I frequently fit computational models to behavioral and neuroimaging datasets using statistical, reinforcement learning, and utility frameworks. However, I typically write separate scripts for each specific study. To make this process easier I have developed a new matlab function that allows anyone to easily fit any type of model to a multi-subject dataset using very simple commands. To use it, simply clone my github toolbox repository and add the matlab folder to your matlab path.
Model Fitting Overview
The general idea of model fitting is to posit a theory about how something might work and test it by examining how well the theory can account for a dataset given a set of free parameters. In principle, I try to evaluate how well the model performs (i.e., the goodness of fit) relative to other competing theories. This comparison assumes that the model with the fewest number of free parameters that has the best goodness of fit for the most subjects is the best model to explain the data. To calculate the goodness of fit, it is often necessary to determine the optimal free parameters specified in the model, a process referred to as parameter estimation. The most common type of estimation techniques are Least Squares Estimation, which attempts to minimize the squared difference between the model prediction and the observed data, and Maximum Likelihood Estimation, which calculates the likelihood of a model explaining a dataset given a set of parameters. I recommend reading Myung (2003) for a tutorial on maximum likelihood. I typically use a two-stage multi-level framework to estimate parameters for a group. This is identical to neuroimaging analyses in which parameters are estimated for each individual subject and then averaged across participants. For hypothesis testing, I often use non-parametric statistical tests (e.g., signed rank test) to perform model comparison on model fits penalized for their number of free parameters (e.g., AIC, BIC ). I also occasionally use F and chi square tests to perform nested model comparisons and the vuong statistic for non-nested model comparisons. More recently, I have been playing with the stan statistical language which has both R and Python wrappers to perform hierarchical bayesian parameter estimation. For a more in depth overview of this process, I highly recommend an excellent chapter by Nathaniel Daw.

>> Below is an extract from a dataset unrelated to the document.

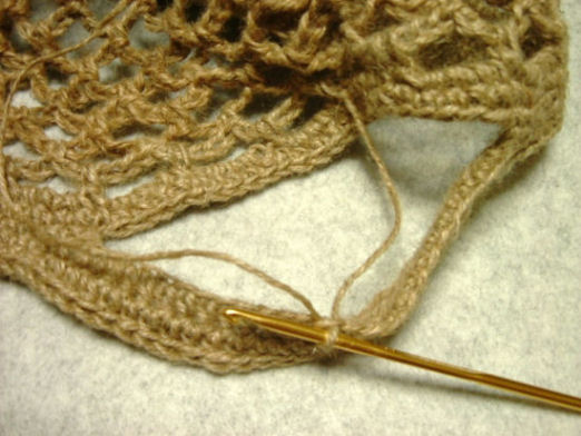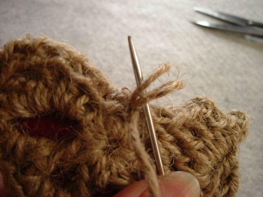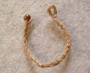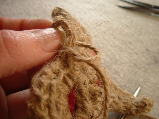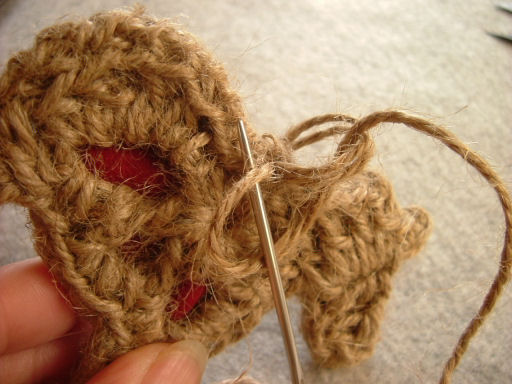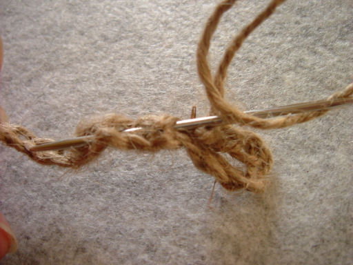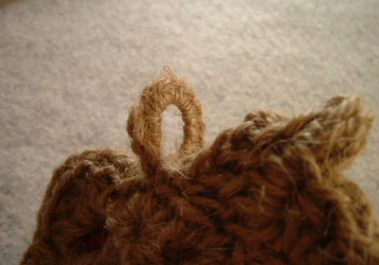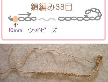 2009/04/20 Category : 作り方:小物(編み) bagチャームの作り方3 チャームに通す ひもを作ります。1.編み始め、糸10cmほどの位置から鎖33目編み、7目戻った所に引き抜き編み。終わりの糸を30cmほど残して切る。(あとでウッドビーズを通すので糸を余分に残しておきます)2.とじ針で残り糸を編んだ鎖目通して行き 編みはじめの所まで戻る3.残り糸と編みはじめの糸 2本を揃えウッドビーズを通して結び 余分な糸を切って完成。 にほんブログ村[2回]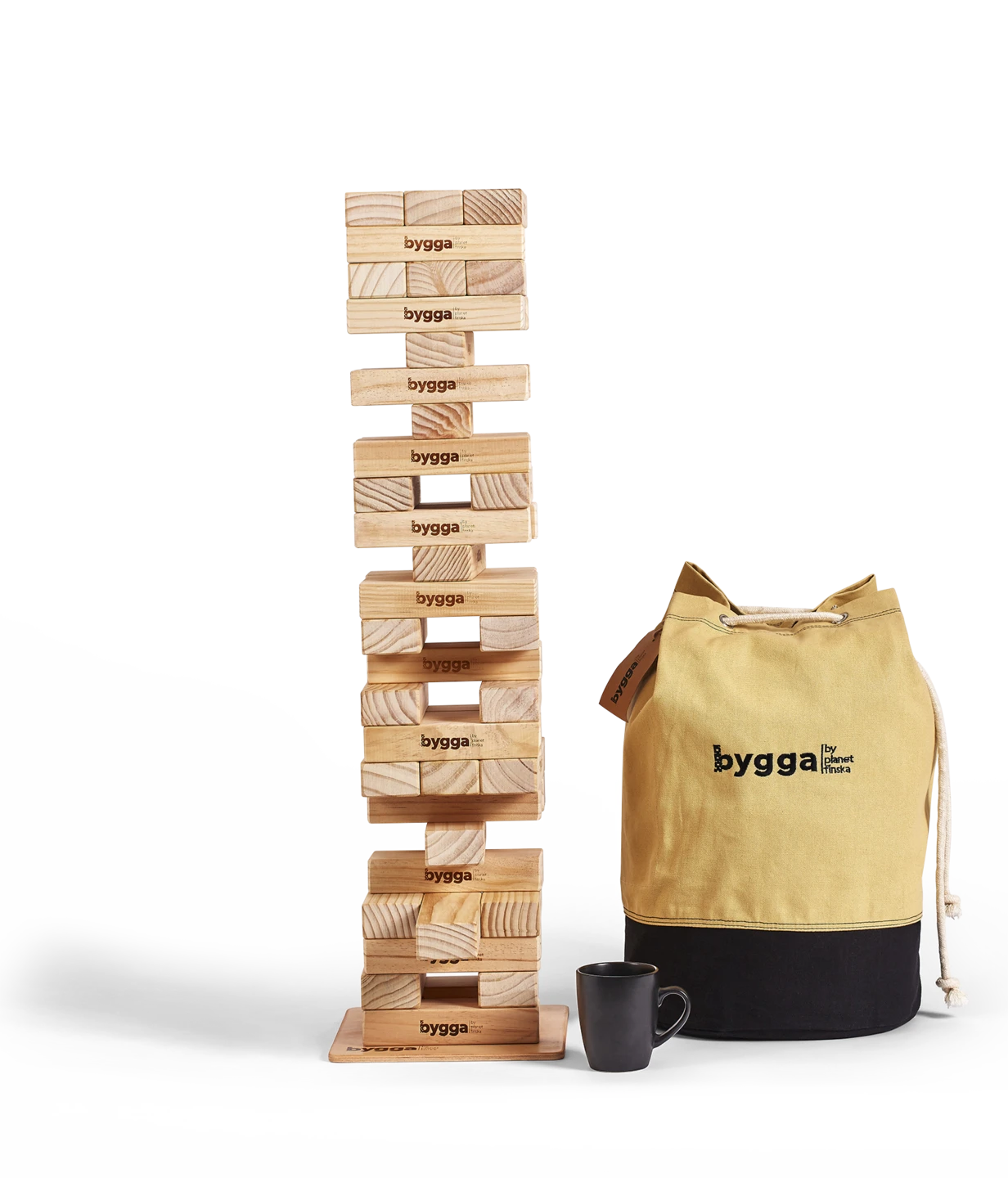Meet Bygga, our new giant outdoor sized tumble tower or jenga game. Bygga, which is Swedish for “build”, comes with 54 jumbo sized timber blocks immaculately crafted and each with a fine finish.

Computational Model Class ( comp_model() )
The computational model ( comp_model() ) class creates an object instance that is used to fit a computational model to a multi-subject dataset. The object uses the design_matrix() class for the data set, which has rudimentary functionality similar to an R data.frame(). There are additional fields for the model and parameters for the model fitting procedure such as the parameter constraints, number of iterations, and type of estimation (e.g., maximum likelihood or least squares). I use Matlab’s fmincon optimization function to find the parameters that result in the best fit of the model. This constrained optimization function is very efficient, but has a tendency to occasionally get stuck in a local minima. Using more iterations will rerun the model multiple times with different initial starting values which decreases the likelihood of fmincon getting stuck in local minimas, but increases the amount of time it takes to fit the models.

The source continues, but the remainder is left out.